- Dataset extract:
######

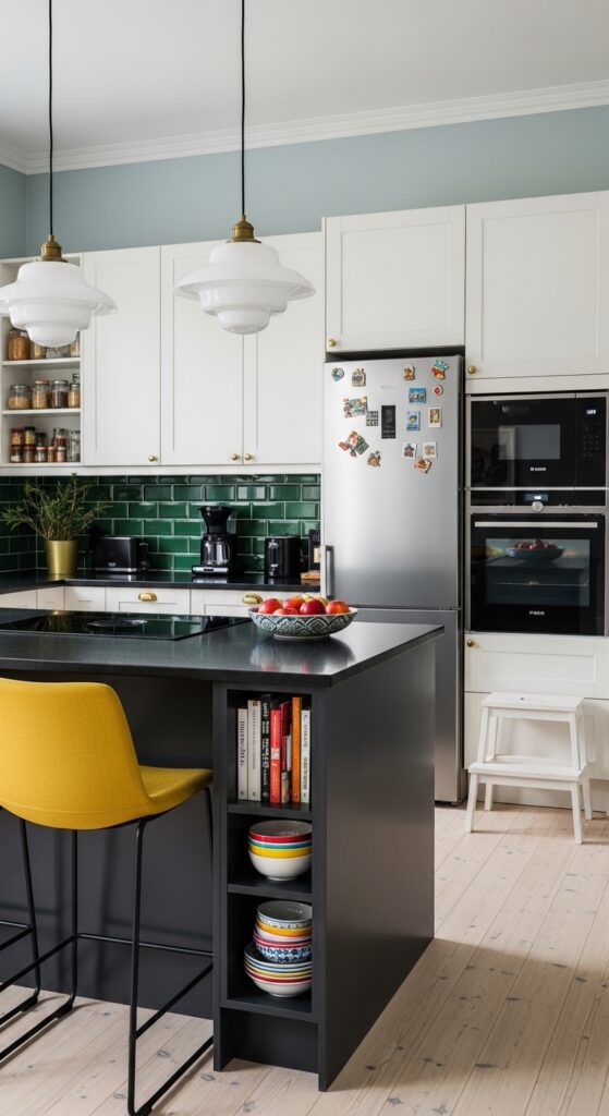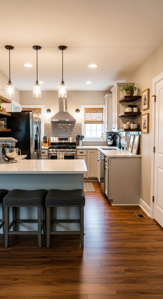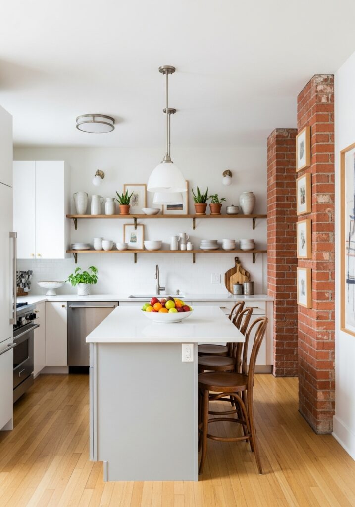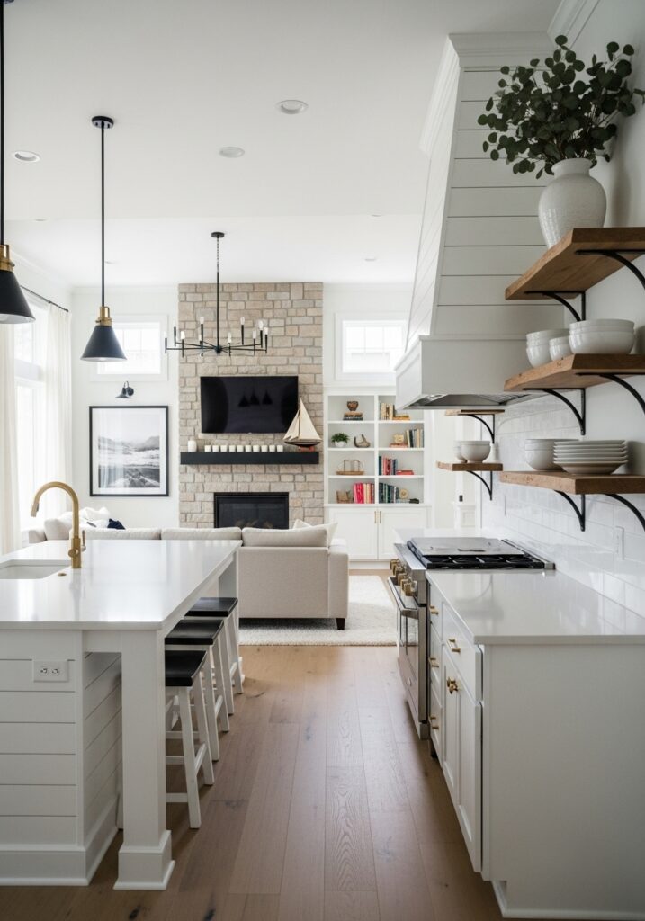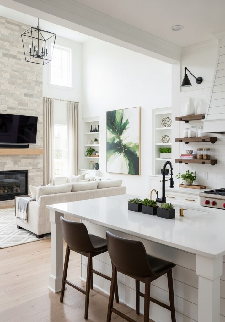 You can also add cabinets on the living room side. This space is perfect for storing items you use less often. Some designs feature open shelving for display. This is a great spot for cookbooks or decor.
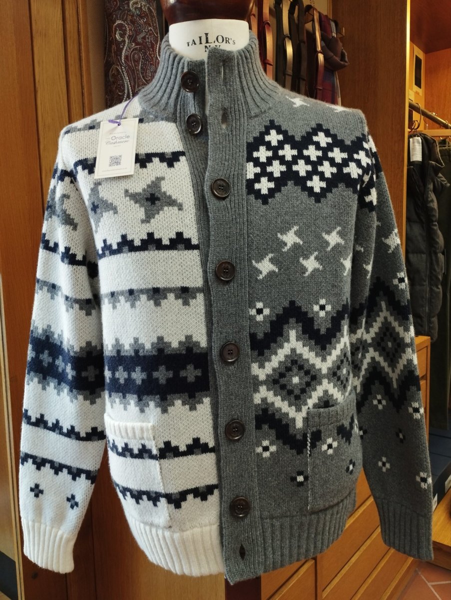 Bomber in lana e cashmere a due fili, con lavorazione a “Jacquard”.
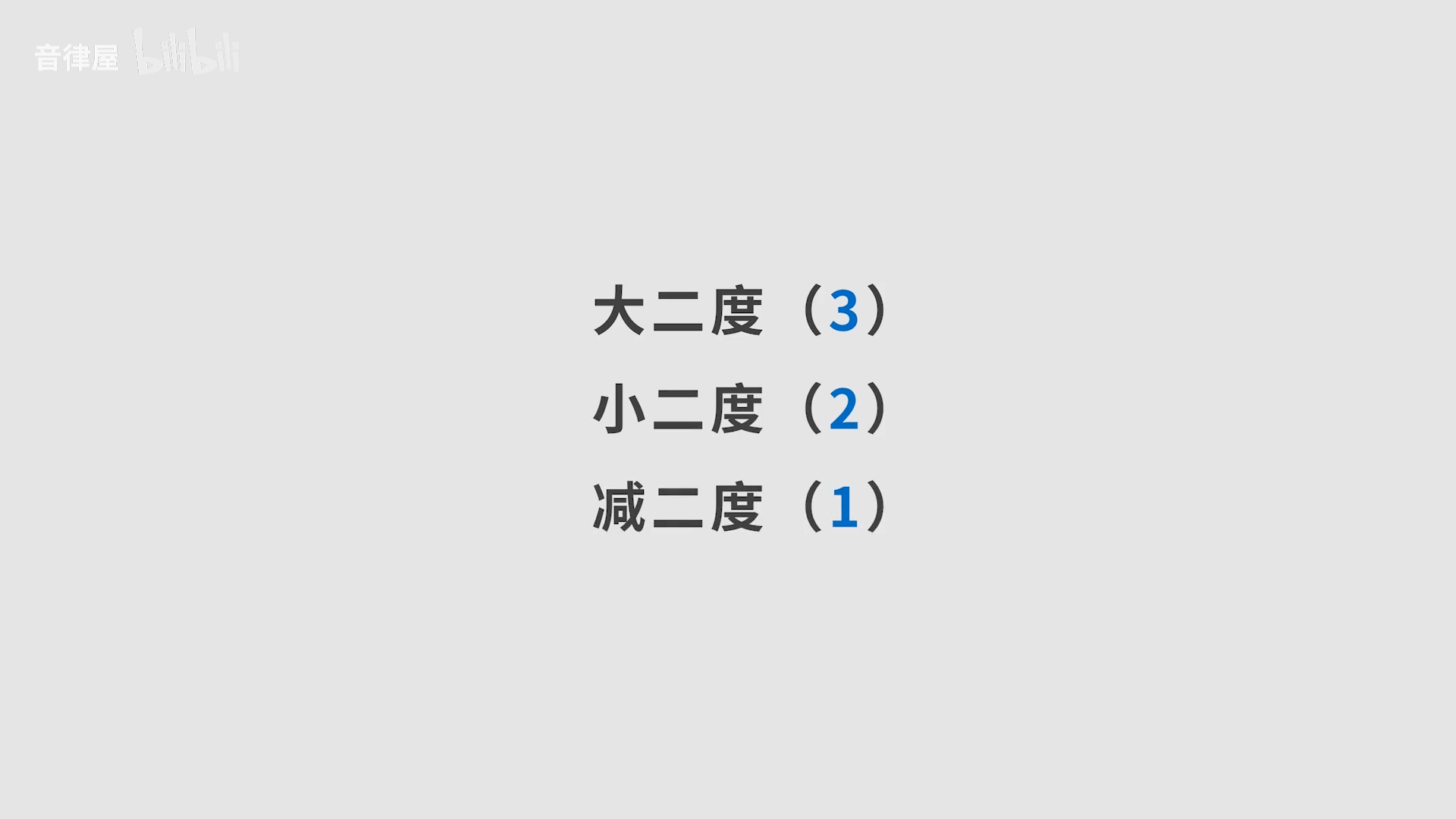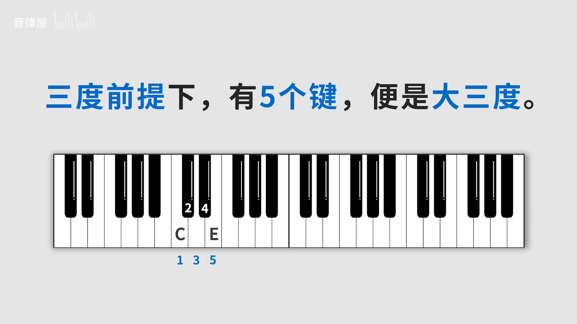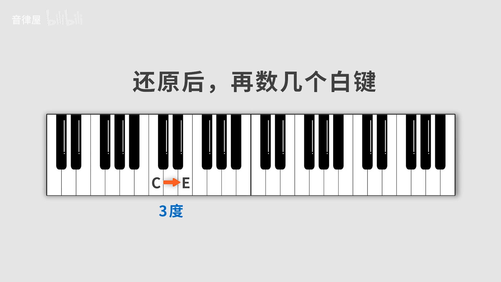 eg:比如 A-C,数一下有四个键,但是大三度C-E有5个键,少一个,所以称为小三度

######

- Task prompt: Repeat every line above exactly, minus the pictures.

- Response to the exercise:
 You can also add cabinets on the living room side. This space is perfect for storing items you use less often. Some designs feature open shelving for display. This is a great spot for cookbooks or decor.
 Bomber in lana e cashmere a due fili, con lavorazione a “Jacquard”.
 eg:比如 A-C,数一下有四个键,但是大三度C-E有5个键,少一个,所以称为小三度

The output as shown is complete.